Allow output plugins to configure a max chunk size #1938

PettitWesley · 2020-02-08T01:45:51Z

@edsiper and I discussed this recently; opening an issue to track it.

Problem

Many APIs have a limit on the amount of data they can ingest per request. For example, #1187 discusses that the DataDog HTTP API has a 2MB payload limit. A single request is made per flush, and occasionally Fluent Bit can send a chunk which is over 2 MB.

Some APIs have a limit on the number of log messages they can accept per HTTP request. For example, Amazon CloudWatch has a 10,000 log message limit per PutLogEvents call. Amazon Kinesis Firehose and Amazon Kinesis Data Streams have a much smaller batch limit of 500 events.

Consequently, plugins have to implement logic to split a single chunk into multiple requests (or accept that occasionally large chunks will fail to be sent). This becomes troublesome when a single API request fails in the set. If the plugin issues a retry, the whole chunk will get retried. The fractions of the chunk that got successfully uploaded will thus be sent multiple times.

Possible Solutions

Ideal solution: Output Plugins specify a max chunk size

Ideally, plugins should only have to make a single request per flush. This keeps the logic in the plugin very simple and straightforward. The common task of splitting chunks into right-sized pieces could be placed in the core of Fluent Bit.

Each output plugin could give Fluent Bit a max chunk size.

Implementing this would involve some complexity. Fluent Bit should not allocate additional memory to split chunks into smaller pieces. Instead it can pass a pointer to a fraction of chunk to an output, and track when the entire chunk has successfully been sent.

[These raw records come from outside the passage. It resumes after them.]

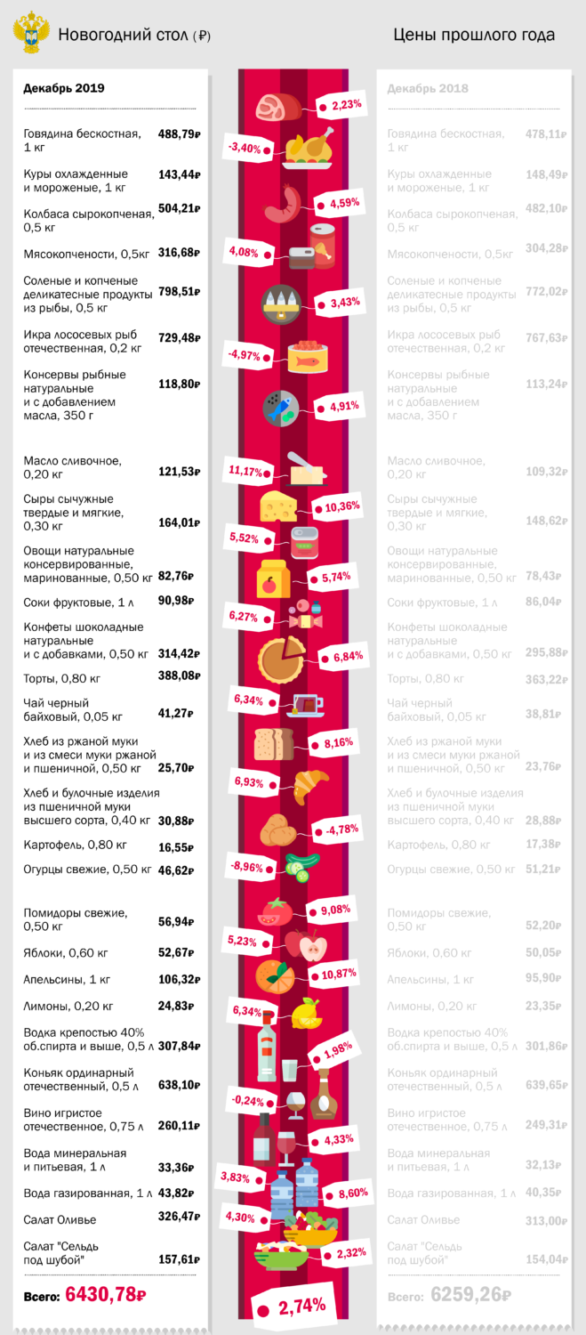 43% от общего бюджета, или 8 299 рублей, россияне потратят на еду и напитки к новогоднему столу. Традиционные блюда на нем — оливье и селедка под шубой — продолжают дорожать. По данным Росстата, за год стоимость продуктов для оливье выросла на 4,6%.
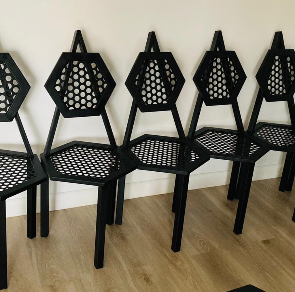 Krzesła i stoły stalowo-drewniane z litego drewna
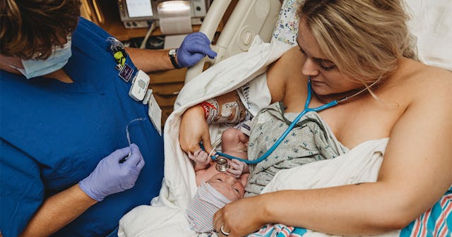 “She told me the one big thing she wanted to do was ‘do her job’ for her own baby! Of course I was like, ‘UHHHHH you’re going to be able to get up out of bed and stand at the warmer an hour after you’ve just popped a baby out?’ She had clearly thought about this more than I had – because she was like, ‘No! I’ll have them bring everything to me.’ And that she did! Her birth was magical and went so perfectly that when that golden hour was over and it was time to do his newborn exam, she did it all from her bed,” Mooney told Scary Mommy.
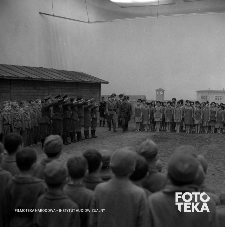 dzieci, obozy koncentracyjne, scenografia, dekoracja, atelier, zbiórka, hitlerowiec, salutowanie
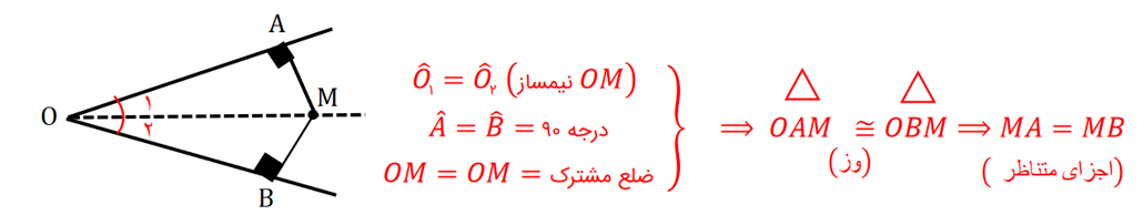 نکته : هر نقطه روی نیمساز زاویه از دو ضلع زاویه به یک فاصله است.

Non-ideal, but easy solution

The most important issue is retries. If each flush had a unique ID associated with it, plugins could internally track whether a flush is a first attempt or a retry, and then track whether the entirety of a chunk had been sent or not.

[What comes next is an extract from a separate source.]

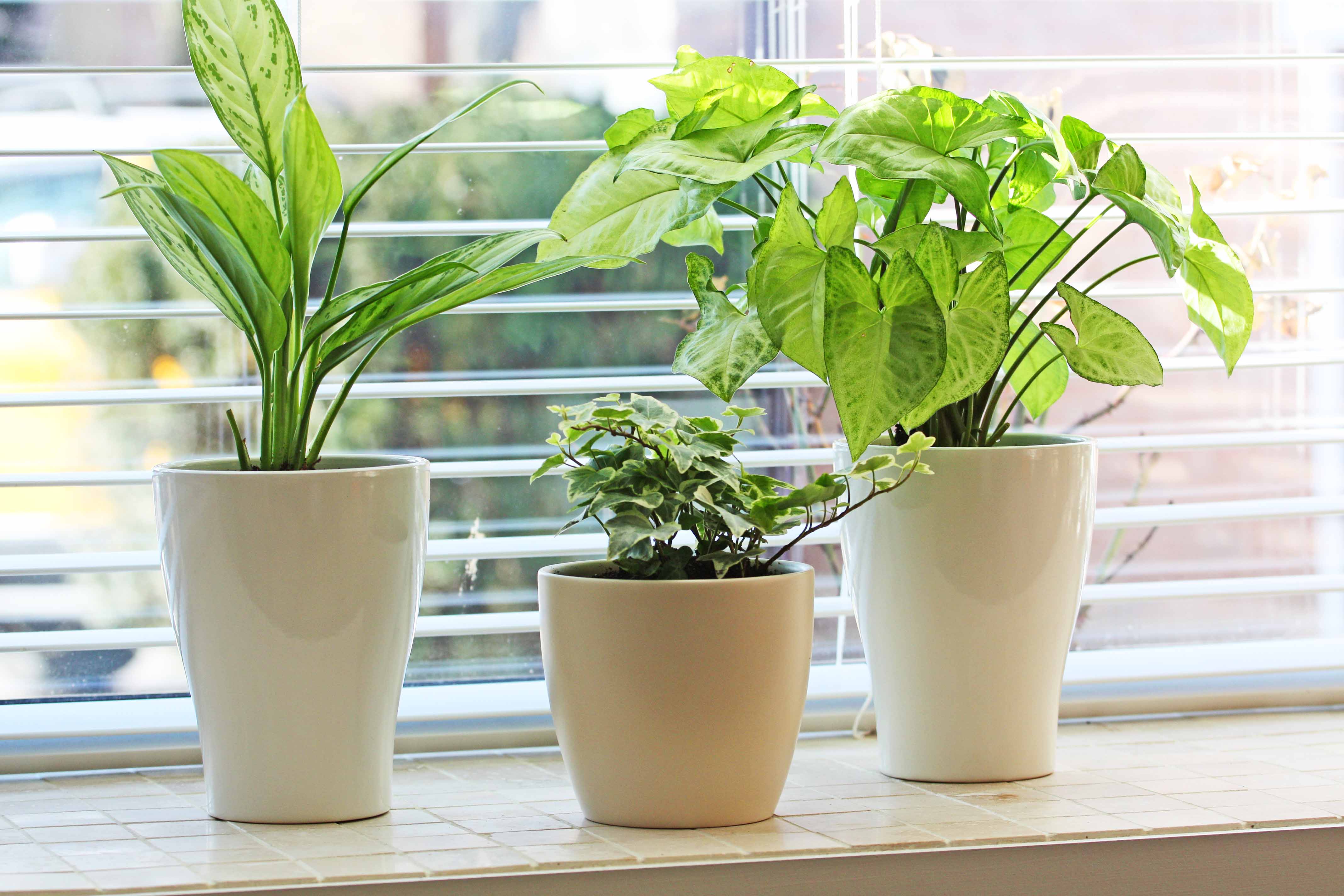 Wiosna to najlepszy czas w roku na zmiay i doskonała okazja aby zaangażować się w nowe projekty, duże lub małe. Będąc zainspirowana wiosną i obserwując przyrodę budzącą się do życia, zdecydowałam wprowadzić pewnne zmiany na mojej półce przy oknie, gdzie zazwyczaj mam kilka roślin doniczkowych. Poprzedni kwiat przerósł to miejsce, więc trzeba mu znaleźć nowe. Nie, nie wyrzucę go, przesadzę w większą doniczke i ulokuje w innym pokoju. Kilka dni temu odwiedziłam lokalną szkółkę i znalazłam kilka roślin które przypadły mi do gustu. Szukałam ładnego koloru i pięknie ukształtowanych liści. Zdecydowałam się na Syngonium, ma elegancki delikatny zielony kolor z odrobiną bieli a liście w kształcie serca, wygląda super w białej ceramicznej donicy. Tak na marginesie… kocham białe doniczki, proste i eleganckie, niemal każda roślina świetnie w nich wygląda. Drugi kwiat który wybrałam to Aglaonema, a trzeci to Angielska Ivy (Hedera Helix). Wszystkie trzy mają na liściach odcień bieli więc ładnie się razem prezentują.

This is not a good idea, it makes the plugin very complicated; I've included it for the sake of completeness.

JeffLuoo · 2020-07-27T18:11:46Z

Hi @PettitWesley I am wondering that what is the current progress on this issue right now?

PettitWesley · 2020-07-27T18:20:21Z

@JeffLuoo AFAIK, no work has been done on it yet.

Robert-turbo · 2020-08-29T23:36:48Z

The same problem is with sending gelf over http to Graylog.
When Flush in SERVICE is set to 5, than I can see only one message per 5 seconds in Graylog.
When I change Flush to 1, then, there is one message per second.

Is there anything I should put in configuration file to have all messages in Graylog? :)

ciastooo · 2021-09-06T07:43:41Z

@Robert-turbo were you able to solve this problem somehow?

Robert-turbo · 2021-09-07T11:10:49Z

@ciastooo I started to use tcp output

[OUTPUT]
    Name  gelf
    Match *
    Host tcp.yourdomain.com
    Port  12201
    Mode  tls
    tls  On
    tls.verify  On
    tls.vhost  tcp.yourdomain.com
    Gelf_Short_Message_Key  log
    Gelf_Timestamp_Key  timestamp

And used Traefik with TCP route (with SSL) in front of graylog
https://doc.traefik.io/traefik/routing/providers/docker/#tcp-routers

mohitjangid1512 · 2021-10-18T11:14:06Z

@PettitWesley Is this problem solved in any recent version ?

PettitWesley · 2021-10-19T04:37:20Z

@mohitjangid1512 No work has been done AFAIK on chunk sizing for outputs

matthewfala · 2022-01-12T20:18:51Z

Alternately, compromising between options 1 and 2, we could write some middleware that handles chunk splitting and chunk fragment retries and wraps the flush function. This could potentially limit changes to AWS plugins, and not require any changes to core code.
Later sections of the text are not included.